Huge amounts were spent on useless equipment and getting out of contracts or storing PPE at ports while nearly £2.6bn went on “items not suitable for use in the NHS
Tuesday 1 February
Department for Health and Social Care (DHSC) figures show huge amounts were wasted on useless equipment, while millions of pounds has been spent getting out of contracts or storing PPE at ports.
Some £673m worth of equipment was found to be totally unusable, according the 2020/21 accounts, while £750m was spent on items that expired before being used.

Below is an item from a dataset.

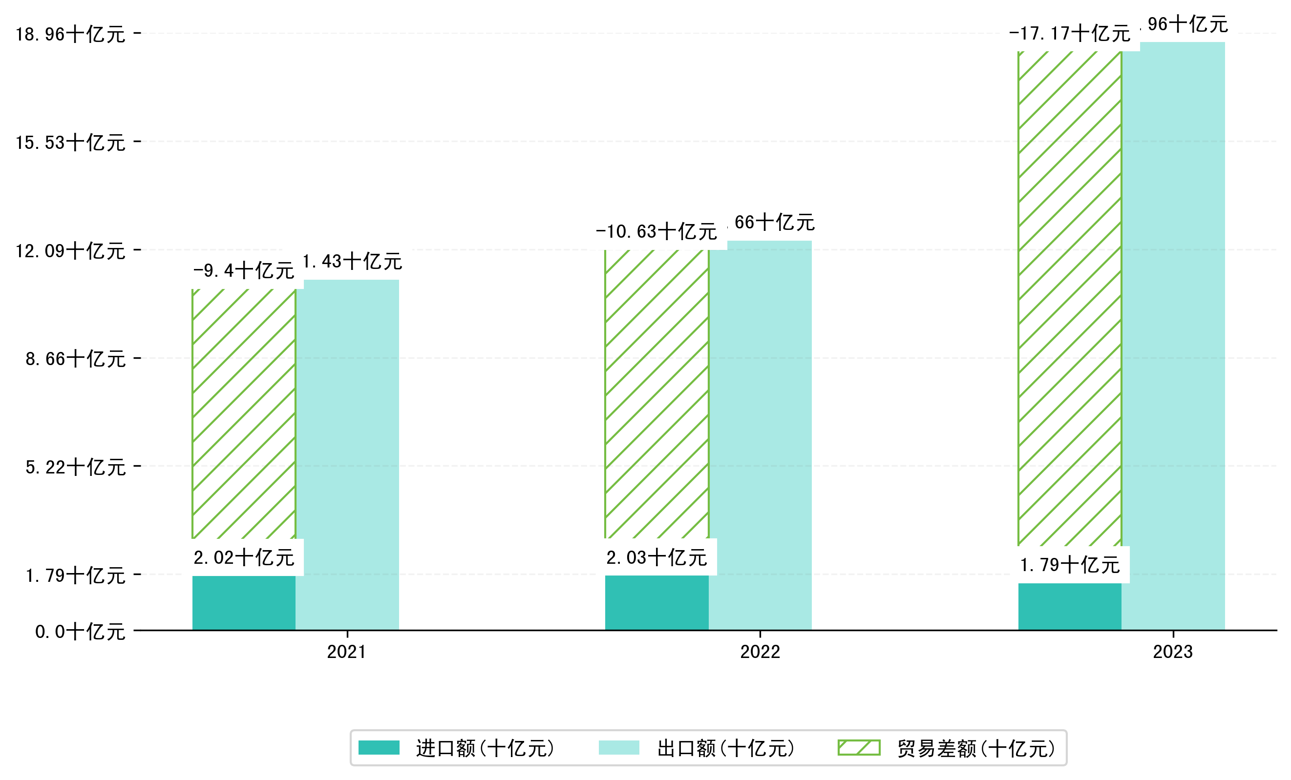 以美元计,2023年1-3月吉安市贸易差额为24,9261,9766万美元(贸易顺差),相比上年同期增加了8,2222,8196万美元,同比增加49.22%。

Nearly £2.6bn was spent on “items not suitable for use in the NHS”, but which the department thinks can be sold or given to charities.
The DHSC also said the value of its remaining stock had been slashed by £4.7bn as the price of PPE dropped.
PPE was considered essential for health workers during the pandemic
Equipment that was scheduled to be delivered after the end of the financial year will lose £1.2bn in value, the figures show.
No 10 said: “We stand by the decision to purchase the items that we did. We were acting in a highly competitive global market with many countries imposing export bans and obviously we were seeking to secure PPE for frontline clinicians.”
At the start of the pandemic, prices for protective equipment rose sharply as countries clamoured to get hold of items such as face masks.
The closure of schools led to a loss of around £1.25m as the School Fruit and Vegetable Scheme (SFVS) was temporarily suspended.
Almost £250,000 of produce has been donated to food charities, the DHSC said.
Some of the ventilators ministers ordered “did not fully meet functionality requirements at the time”, incurring costs of £1.1m.
Officials wrote off laboratory equipment valued at £663,000 after two regional testing sites were closed and “there being no alternative options for repurposing or storing these assets”.
Additionally, a stockpile of intensive care unit items was created to prevent shortages.
The department was forced to pay out £649,000 for two flights from China that were cancelled because the PPE they were meant to be bringing to the UK was not available.
Another cancellation fee, this time of £339,000, was incurred following the cancellation of two contracts for quarantine hotels.